The buildCards function can be simplified:

var buildCards = function(colorCards) {
  //var deferred = $q.defer();
  //var finishedArray = [];
  var promises = [];
  colorCards.forEach(function(card, i){
    promises.push(promiseFunction(card));
  });
  //$q.all(promises).then(function(finishedCards) {
  //  deferred.resolve(finishedCards)
  //})
  //return deferred.promise;
  return $q.all(promises);
}

There is no need to manufacture a promise with $q.defer as the $q.all method already returns a promise. In addition the manufactured promise doesn't handle rejection properly. If the any of $q.all promises has a rejection, the $q.defer promise will hang and never resolve.

This is known as a Deferred Anti-Pattern and should be avoided.

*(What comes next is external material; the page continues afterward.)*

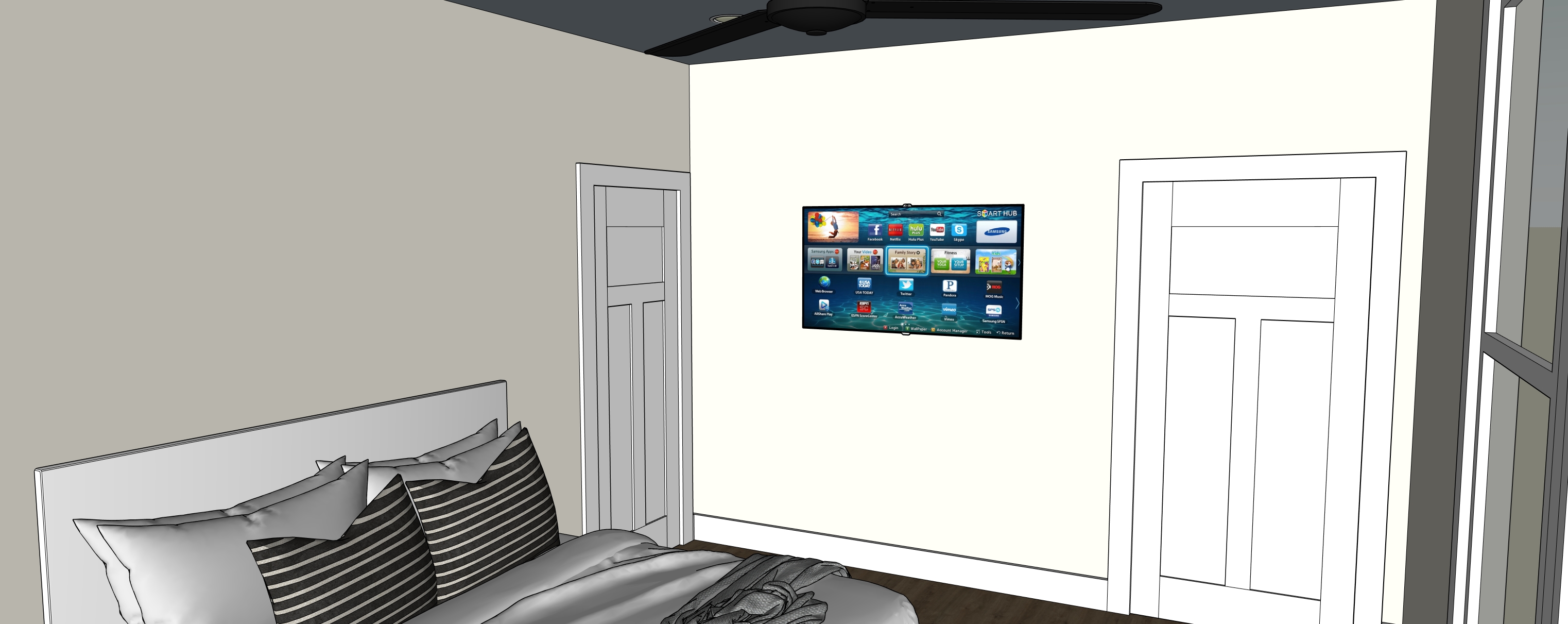 sherwin williams alabaster wall paint add decor add artwork above bed wooded lot outside of window tv on wall

Similarly, the promiseFunction function can be modified to avoid a Deferred Anti-Pattern:

var promiseFunction = function(card){
  //var deferred = $q.defer();
  var localPromises = [];

  if (card.color === 'blue') {
    localPromises.push(blueApiCall1); var firstBlueIdx = promises.length - 1;
    localPromises.push(blueApiCall2); var secondBlueIdx = promises.length - 1;
  } else if (card.color === 'red') {
    localPromises.push(redApiCall); var redIdx = promises.length - 1;
  }

  var cardPromise;
  if (localPromises.length > 0) {
      //$q.all(promises).then(function(res) {
      cardPromise = $q.all(localPromises).then(function(res) {
        if (card.color === 'blue') {
          card.firstBlueData = res[firstBlueIdx];
          card.secondBlueData = res[secondBlueIdx];
        } else if (card.color === 'red') {
          card.redData = res[redIdx];
        }
        //deferred.resolve(card);
        //RETURN value to chain
        return card;
      });
  } else {
      //deferred.resolve(card);
      cardPromise = $q.when(card);
  }
  //return deferred.promise;
  return cardPromise;
}

The then method of a promise always returns a new promise that resolves to the value returned to the handler function. In addition if the original promise is rejected, the success handler will be skipped and the rejection will be carried down the chain to the new promise. This avoids erroneous hanging of a $q.defer.

Also notice that in the case where there are no promises to process with $q.all, the cardPromise can be created with $q.when.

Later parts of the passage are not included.